The lines below from the one with "Boxplots showing the" up to and including the one with "Vibrio cholerae, the" are what you should set down, exactly and without pictures.

◆ DATA EXTRACTS ◆
────

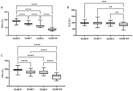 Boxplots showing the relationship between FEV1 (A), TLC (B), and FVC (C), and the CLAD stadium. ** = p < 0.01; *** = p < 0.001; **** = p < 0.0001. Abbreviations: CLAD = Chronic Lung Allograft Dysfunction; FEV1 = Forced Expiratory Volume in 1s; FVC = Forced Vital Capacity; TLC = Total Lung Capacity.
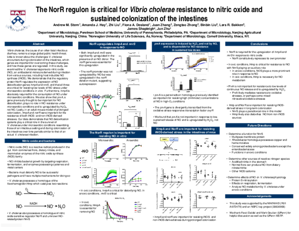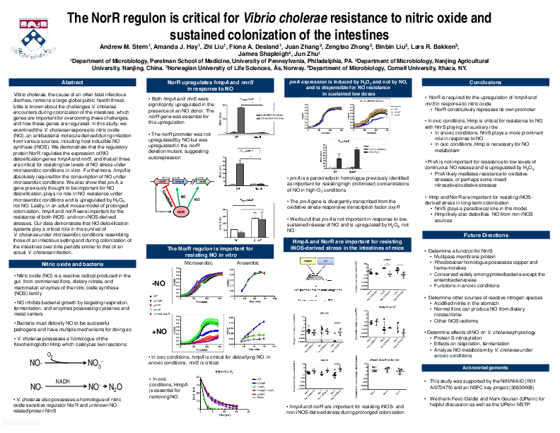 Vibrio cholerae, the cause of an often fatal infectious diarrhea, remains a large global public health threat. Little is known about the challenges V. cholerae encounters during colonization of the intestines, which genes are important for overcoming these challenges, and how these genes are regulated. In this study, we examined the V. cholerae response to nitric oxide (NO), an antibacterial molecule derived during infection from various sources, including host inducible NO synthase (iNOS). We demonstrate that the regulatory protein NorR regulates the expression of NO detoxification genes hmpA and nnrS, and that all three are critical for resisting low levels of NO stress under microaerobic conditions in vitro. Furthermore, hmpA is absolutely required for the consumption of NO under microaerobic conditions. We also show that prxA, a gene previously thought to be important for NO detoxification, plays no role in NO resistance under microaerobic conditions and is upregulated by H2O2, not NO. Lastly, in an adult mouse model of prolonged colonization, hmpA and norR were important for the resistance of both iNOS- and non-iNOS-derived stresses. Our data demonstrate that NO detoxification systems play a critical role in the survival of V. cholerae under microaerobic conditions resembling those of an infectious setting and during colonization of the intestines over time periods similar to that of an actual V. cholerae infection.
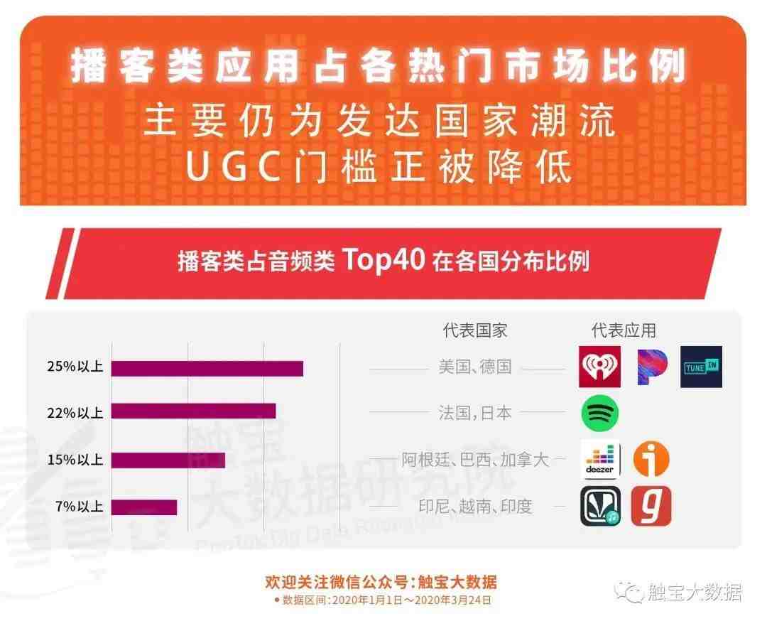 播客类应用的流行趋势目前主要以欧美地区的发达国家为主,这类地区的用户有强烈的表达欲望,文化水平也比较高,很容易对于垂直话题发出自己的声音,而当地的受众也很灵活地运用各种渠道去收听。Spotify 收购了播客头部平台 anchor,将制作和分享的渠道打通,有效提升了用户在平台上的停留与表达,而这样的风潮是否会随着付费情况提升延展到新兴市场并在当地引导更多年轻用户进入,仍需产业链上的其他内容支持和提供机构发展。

────

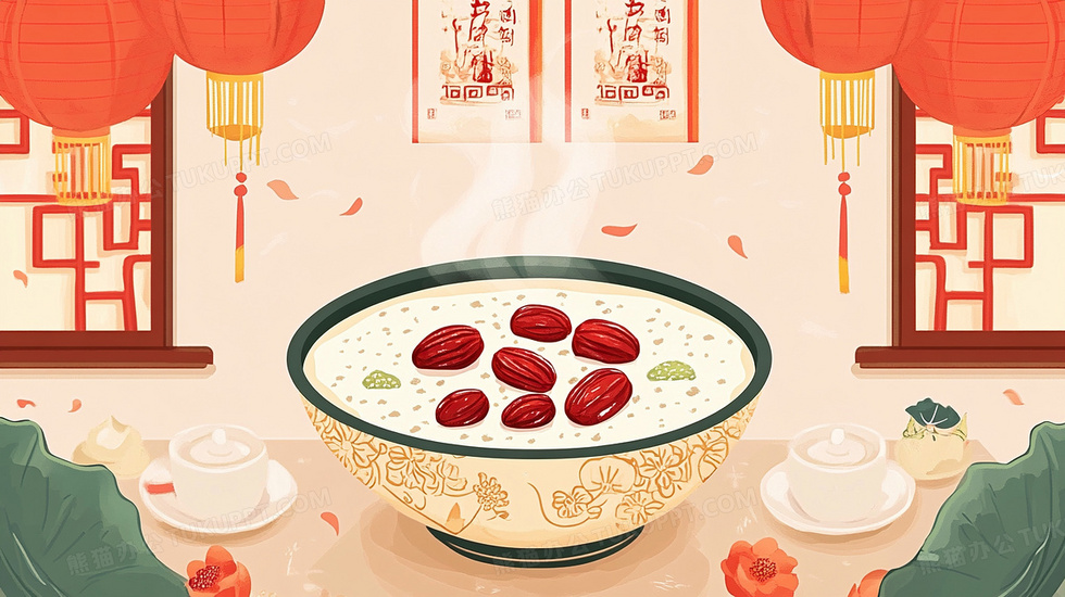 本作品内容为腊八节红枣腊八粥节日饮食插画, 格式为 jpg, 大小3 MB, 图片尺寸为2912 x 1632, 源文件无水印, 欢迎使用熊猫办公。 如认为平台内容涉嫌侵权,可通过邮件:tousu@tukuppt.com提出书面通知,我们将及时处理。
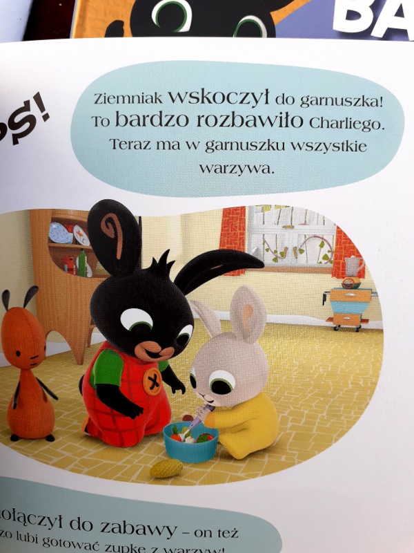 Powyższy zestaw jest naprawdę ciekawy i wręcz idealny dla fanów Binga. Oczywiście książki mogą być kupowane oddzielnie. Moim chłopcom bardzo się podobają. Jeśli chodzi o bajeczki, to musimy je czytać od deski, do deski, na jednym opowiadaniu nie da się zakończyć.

────

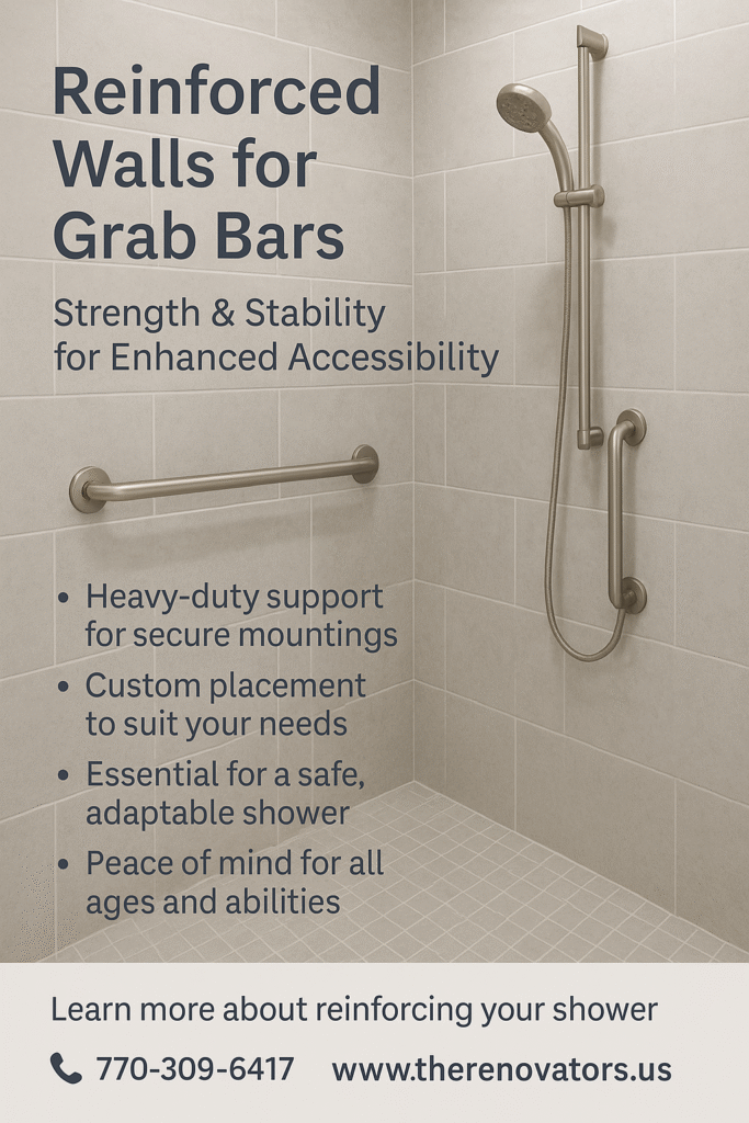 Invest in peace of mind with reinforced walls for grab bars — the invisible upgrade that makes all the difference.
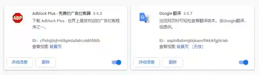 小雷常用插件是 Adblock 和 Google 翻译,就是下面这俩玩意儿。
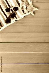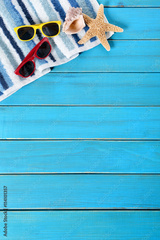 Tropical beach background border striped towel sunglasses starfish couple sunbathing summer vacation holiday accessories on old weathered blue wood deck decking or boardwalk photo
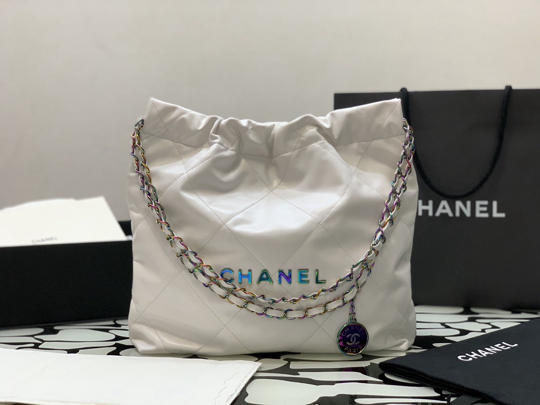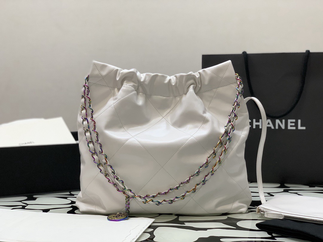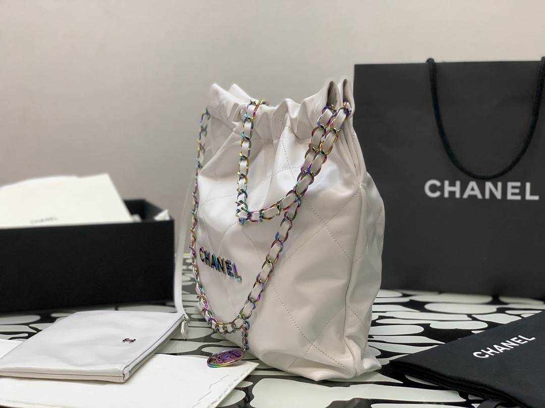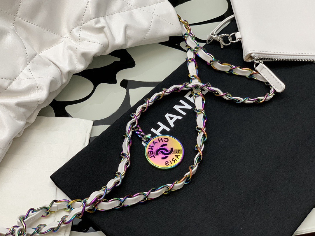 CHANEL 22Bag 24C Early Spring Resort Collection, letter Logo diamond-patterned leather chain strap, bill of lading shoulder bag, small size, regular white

────

◆ RESPONSE TO THE TASK ◆
 Boxplots showing the relationship between FEV1 (A), TLC (B), and FVC (C), and the CLAD stadium. ** = p < 0.01; *** = p < 0.001; **** = p < 0.0001. Abbreviations: CLAD = Chronic Lung Allograft Dysfunction; FEV1 = Forced Expiratory Volume in 1s; FVC = Forced Vital Capacity; TLC = Total Lung Capacity.
 Vibrio cholerae, the cause of an often fatal infectious diarrhea, remains a large global public health threat. Little is known about the challenges V. cholerae encounters during colonization of the intestines, which genes are important for overcoming these challenges, and how these genes are regulated. In this study, we examined the V. cholerae response to nitric oxide (NO), an antibacterial molecule derived during infection from various sources, including host inducible NO synthase (iNOS). We demonstrate that the regulatory protein NorR regulates the expression of NO detoxification genes hmpA and nnrS, and that all three are critical for resisting low levels of NO stress under microaerobic conditions in vitro. Furthermore, hmpA is absolutely required for the consumption of NO under microaerobic conditions. We also show that prxA, a gene previously thought to be important for NO detoxification, plays no role in NO resistance under microaerobic conditions and is upregulated by H2O2, not NO. Lastly, in an adult mouse model of prolonged colonization, hmpA and norR were important for the resistance of both iNOS- and non-iNOS-derived stresses. Our data demonstrate that NO detoxification systems play a critical role in the survival of V. cholerae under microaerobic conditions resembling those of an infectious setting and during colonization of the intestines over time periods similar to that of an actual V. cholerae infection.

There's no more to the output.